Before you run screaming at the thought of getting all however-many tens of thousands of people in your organisation aligned (which sounds like an impossibly daunting task) you will be relieved to know that you don't have to get alignment across the whole organisation to be successful. The key here is that big organisations aren't really one organisation. If you look closely at them, they are a collection of multiple, smaller businesses under a common banner. Each of those separate business will have its own leadership, its own culture, its own challenges.
The trick here is that these sub units may, or may not correspond to the organisation's official organisational structure. What you need to find are the value streams. This is a concept from Lean and as a basic definition, a value stream represents all the work that needs to be done to get business value delivered from an idea - from concept to cash. In a product development shop, that might be a request for a new feature and all the work that needs to be done to get that idea into a release of the product. A typical large enterprise will contain many value streams. They may produce multiple products for multiple markets. They will have purely internal value streams representing work done on their own internal systems and processes. Anywhere where work is being done to deliver business value, you have a value stream.
These value streams may align to the org structure. In some large organisations, they are broken up into vertical markets where that organisational structure is responsible for everything to do with delivering into that market segment. More often though, value streams cut across the organisational boundaries. To deliver a product release, you may require resources from a frontline business unit that deals with customers plus resources from an IT delivery business unit and a production support business unit and so on. Organisational structures are typically organised vertically around job specialties or technical competencies while value streams tend to cut horizontally across multiple business units.

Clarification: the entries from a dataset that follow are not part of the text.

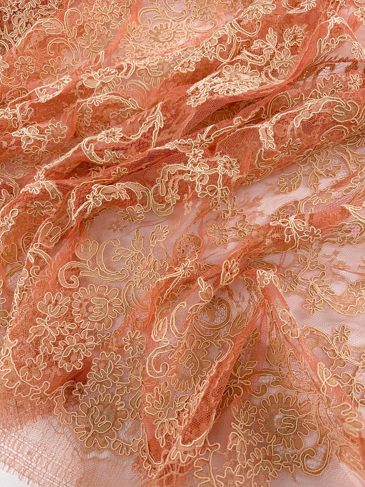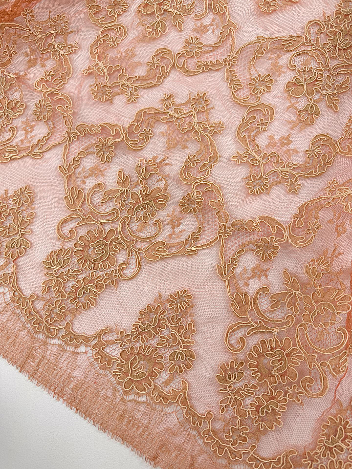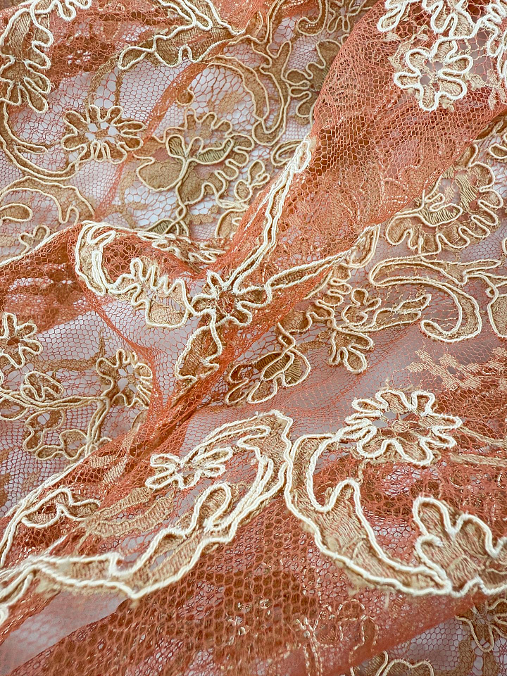 Кружевное полотно кордовое (н) бежево-терракотовое - цена 8 500 ₽ У нас самые доступные цены на в Москве, доставка по всей России - интернет магазин тканей Тессутидея. Артикул товара для заказа - 03-7534. Страна производства ткани – Италия. Ширина этого материала - 90. Состав - Хлопок 45% полиамид 55%. Наличие остатков на складе - 8.3 м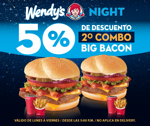 ven a wendys y como tu segudan hamburguesa con 50 OFF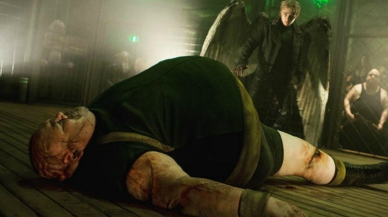 Remetendo ao X-Men Origens: Wolverine, há algumas lutas cheias de mutantes acontecendo com apostas aparentemente ilícitas. Antes de ver Anjo enfrentar Noturno, vemos um rosto familiar no chão: Fred Dukes, mais conhecido como Blob. A aparência de Dukes provavelmente é uma referência ao primeiro filme solo do Wolverine. Boa sorte pros caras que tiveram que carregá-lo pra fora do ringue.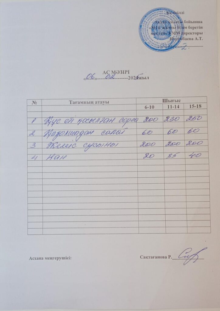 Ас мәзірі 6.02.2025 Бағасы әр балаға 600 теңге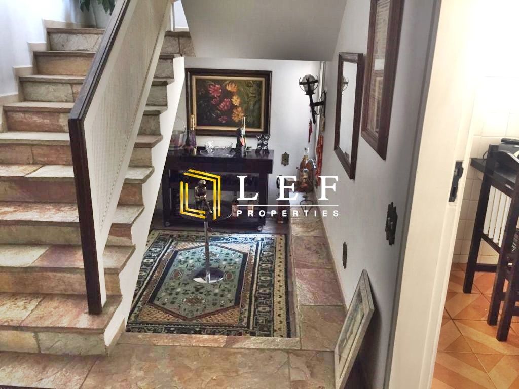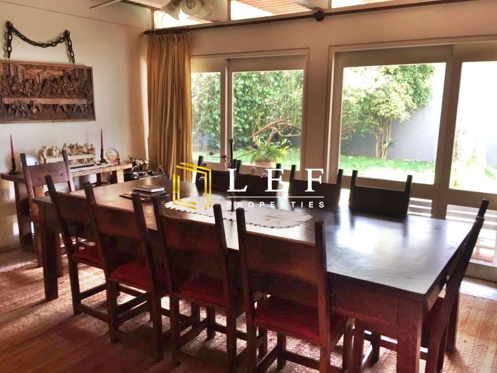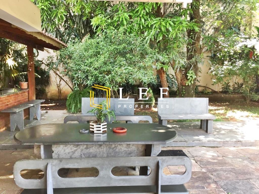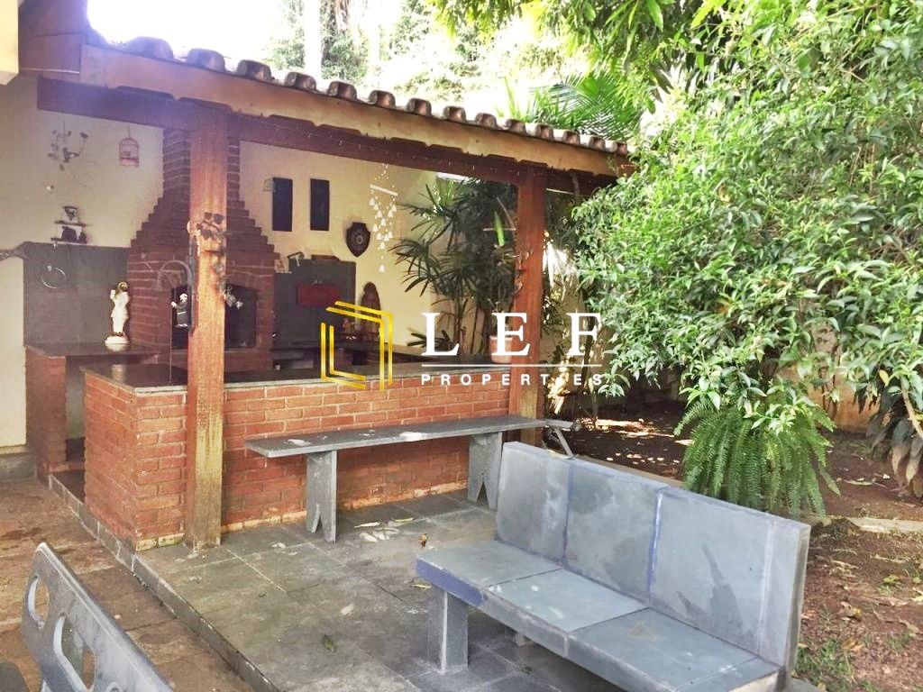 Churrasqueira grande, 3 salas grandes, lavabo, sala de bebidas com lareira, todas com piso em pedra, cozinha grande, lavanderia, 2 quartos de empregada com banheiro, canil, casa gramada, árvores frutíferas, portão automático, dispensa na garagem.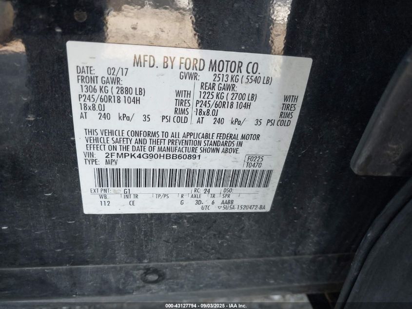 2017 FORD EDGE 2017 року Бензин, 2.0, Полный привод, vin - 2FMPK4G90HBB60891 из США

What you are aiming for is alignment across a value stream, or set of related value streams. This is the smallest subset of a large organisation where you can make a real, sustainable change. An optimisation of a value stream will make a measurable difference to the organisation's bottom line. Optimising only part of a value stream won't, or may even have a negative impact as this results in sub-optimisation - the part you optimise will run better but often at the expense of other parts of the stream which then eat up all the benefits (and often more).
So, first find your value stream. Now you need to see how its aligned. Is it all contained within one element of the org structure (in which case your life just got a lot easier), or does it cut right across (in which case your life just got harder)? As soon as you start to cut across organisational elements, you start to run into organisational politics. Take a look at the existing alignment patterns. Is the value stream alignment top down or bottom up? Is it IT or business lead? That will determine your initial engagement and how far that engagement can go. What you need to do now is start to improve the alignment until you get the whole stream aligned.
By working along value streams, you get alignment more easily than working within regular organisational structures. The reason is that most business units do multiple things - the IT business unit will have teams servicing dozens of different parts of the business, all with different goals. Aligning that will be a huge mess. A value stream though is already aligned around getting stuff done. That gives you an existing common focus to work with. Everything can be pitched around improving progress towards their goal. The difficulty of course is that most organisations don't recognise what their value streams are, so they will need to be educated. You will also run into a lot of empire protecting - if a team is now seen as part of a value stream, and is managed as part of a value stream, it may loosen a manager's hold over that part of their corporate empire, so be prepared to deal with that resistance.
Once you have aligned one value stream, build out to the adjoining ones. Build off the initial success and align the whole organisation stream by stream. You will find that different value streams have different alignments for example, your first stream may have been aligned bottom up but your success with that one gets noticed by senior leaders in other streams which results in a top down pattern in the next one.
You won't be able to do this on your own. Big enterprises are a lot of work. You will need a team to help you. In each value stream you will need to build a team of champions to take some of the load and make sure things keep running when you are elsewhere.